If you’ve already created competitive enablement for your new business sales team, rework them slightly to tailor them to the competitive use cases of your account management team. Then, make sure your renewal and upsell opportunities in your CRM have fields similar to those for new business opportunities so you can continuously measure the impact your competitive enablement has on upsell and retention metrics.

Measuring the impact of your product marketing efforts can help you shape future projects, launches, and share results with your key stakeholders.

When measuring your product marketing activities, be sure to cover a wide range of metrics from customer feedback to sales numbers to website activity. The more you measure, the more insight you have into the impact of your business.

Campaign performance

Content marketing and demand generation enjoy a much more direct line between their work and revenue-based results. Product marketers should leverage their superior knowledge of their product and industry to support these efforts whenever possible.

Product marketing-driven content

Supporting content production is one of the most simple, direct ways product marketers can influence revenue. Case studies, industry-focused thought leadership, and any content that focuses on your product should be created partially or entirely by product marketing.

Don’t let measurement of your efforts here end with usage. Track how your content progresses through the go-to-market funnel from usage to sales opportunity to marketing-attributed revenue.

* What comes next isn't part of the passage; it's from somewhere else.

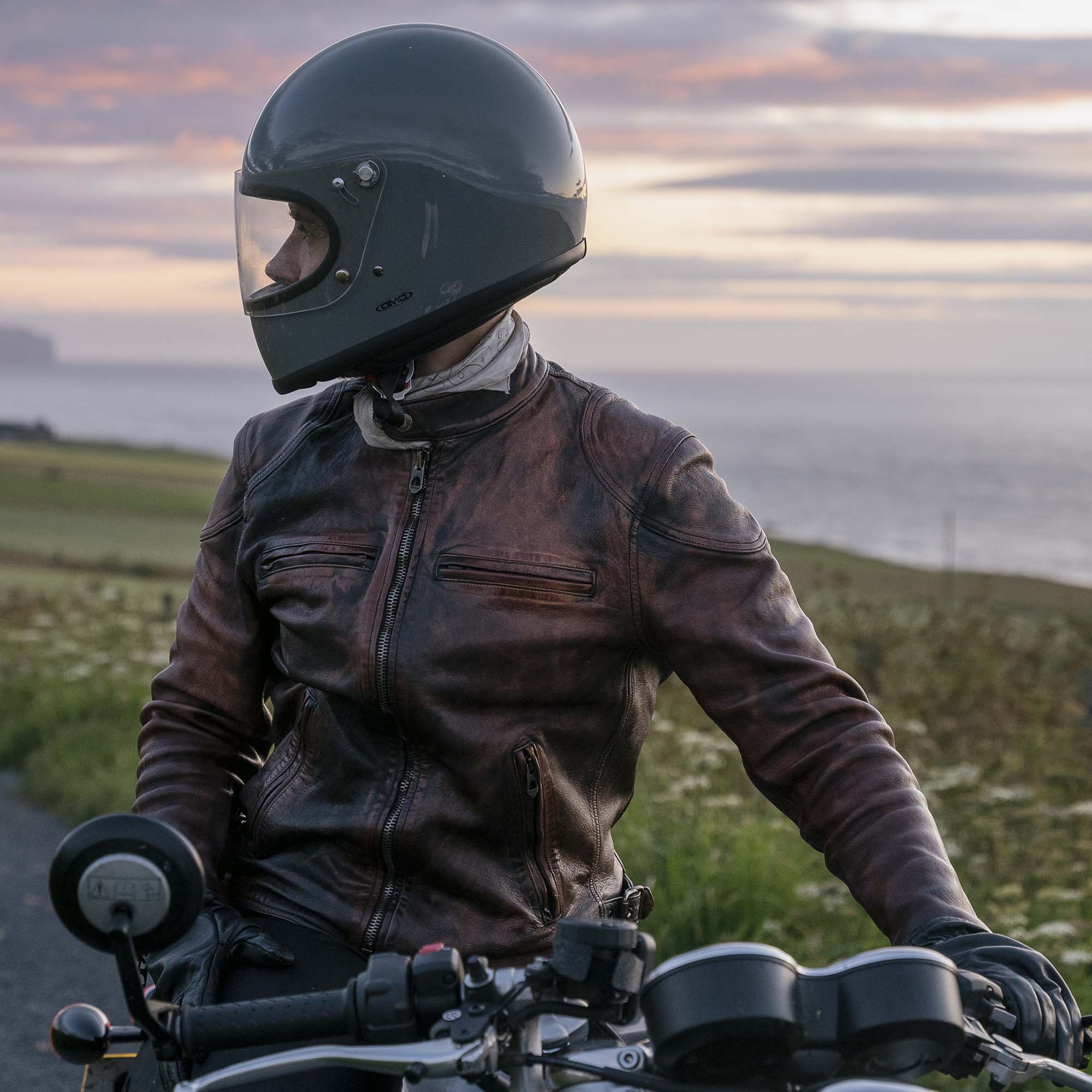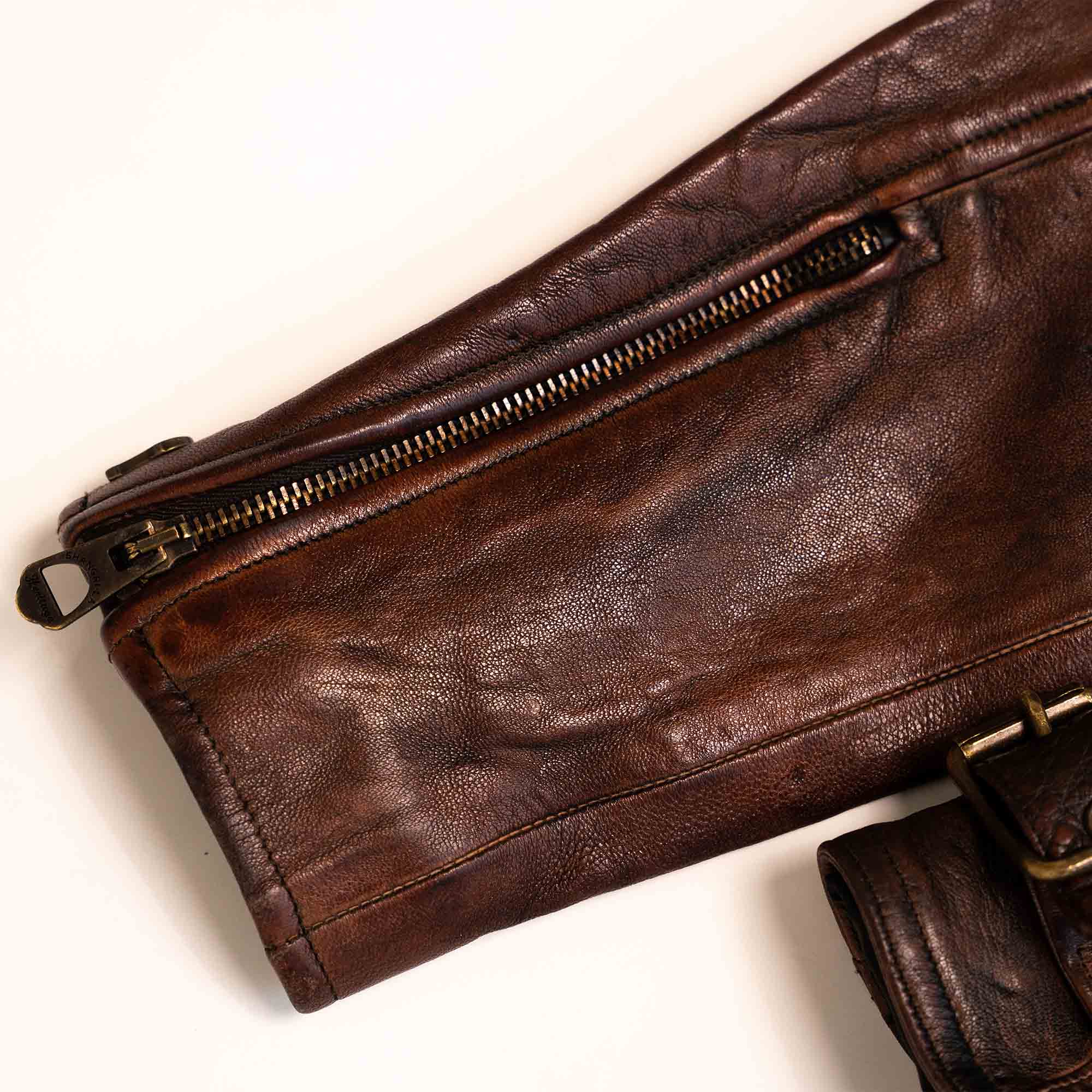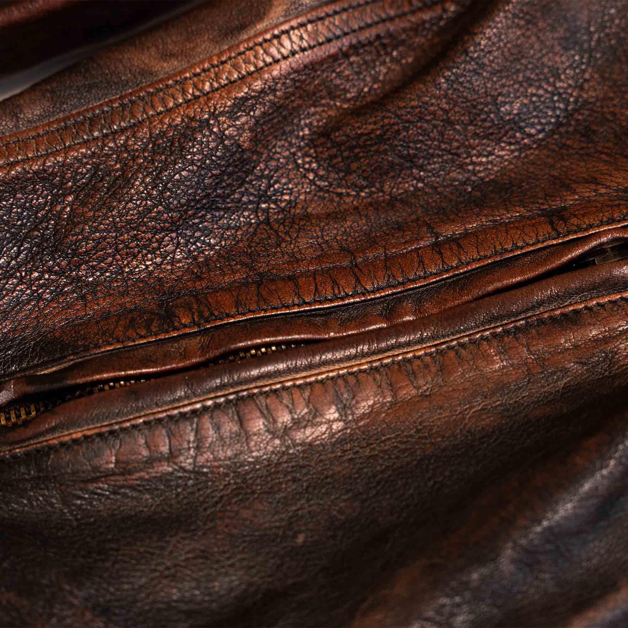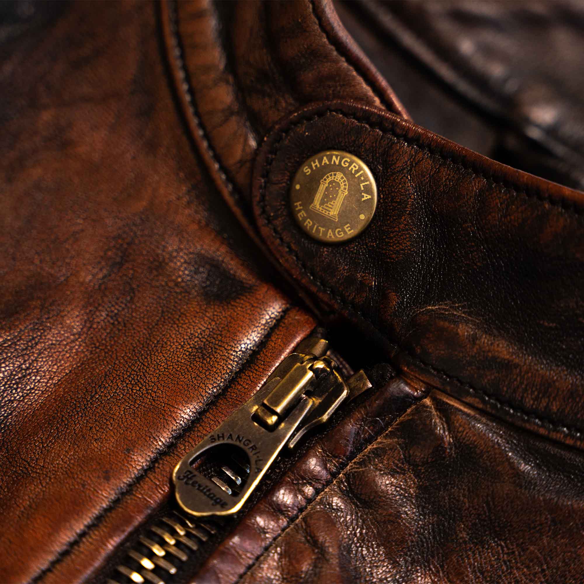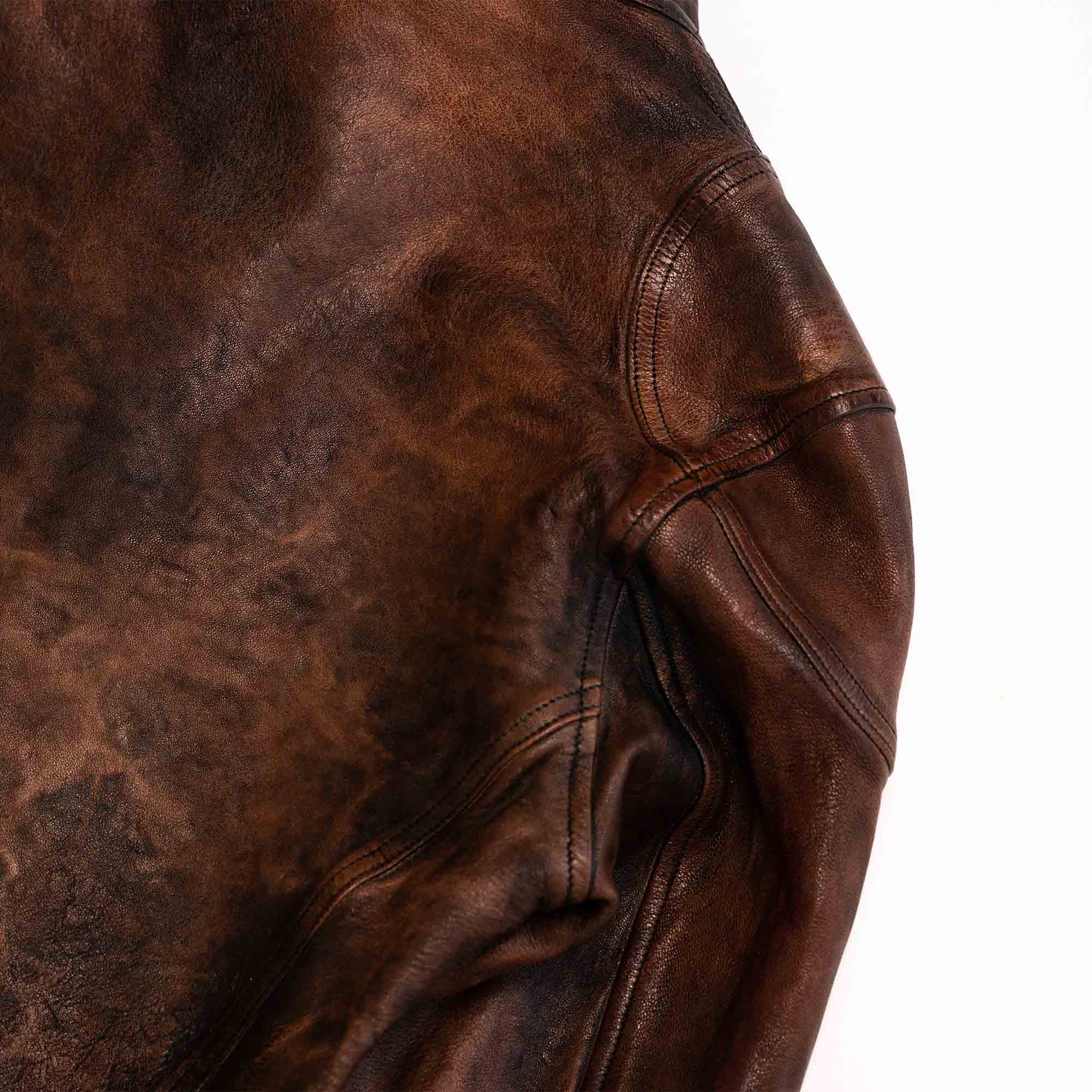 Inspired by late 70s Racing jackets and revisited with a unique Italian touch, the “Café Racer” Bruciato Leather Jacket represents an authentic garment made of vegetable tanned full grain Lambskin from Tuscany (Italy) with “Bruciato” Treatment, and “Espresso Coffee” color viscose lining.

Work with demand generation to ensure it’s promoted to the right audiences to maximize the impact.


When a campaign focuses on a complex product feature, industry trend, or is targeted at a new, less-understood market, input from product marketing can be invaluable.

Work closely with demand generation to A/B test messaging/copy in display ads, campaign emails, and website/landing pages. This provides the dual benefit of being a quantifiable, revenue-based activity and allows for product marketing to receive quantifiable feedback on their messaging.

Any of the points above can highlight product marketing’s performance, but it’s important to be patient before rushing to conclusions. It takes much longer for these metrics to paint a picture of product marketing performance than it does for a pipeline to paint one.

More often than not, product marketing is a marathon while the organization runs in sprints. Measure what matters, and don’t rush to conclusions.

The nebulous goals and outcomes of product marketing teams can be sharpened by taking a revenue-minded approach to every input.

Ultimately, product marketing is one of the most cross-functional teams in every organization. Understand and proactively measure the revenue-based impact of your work with every team, and the difficulty in measuring the value of your work will dissipate.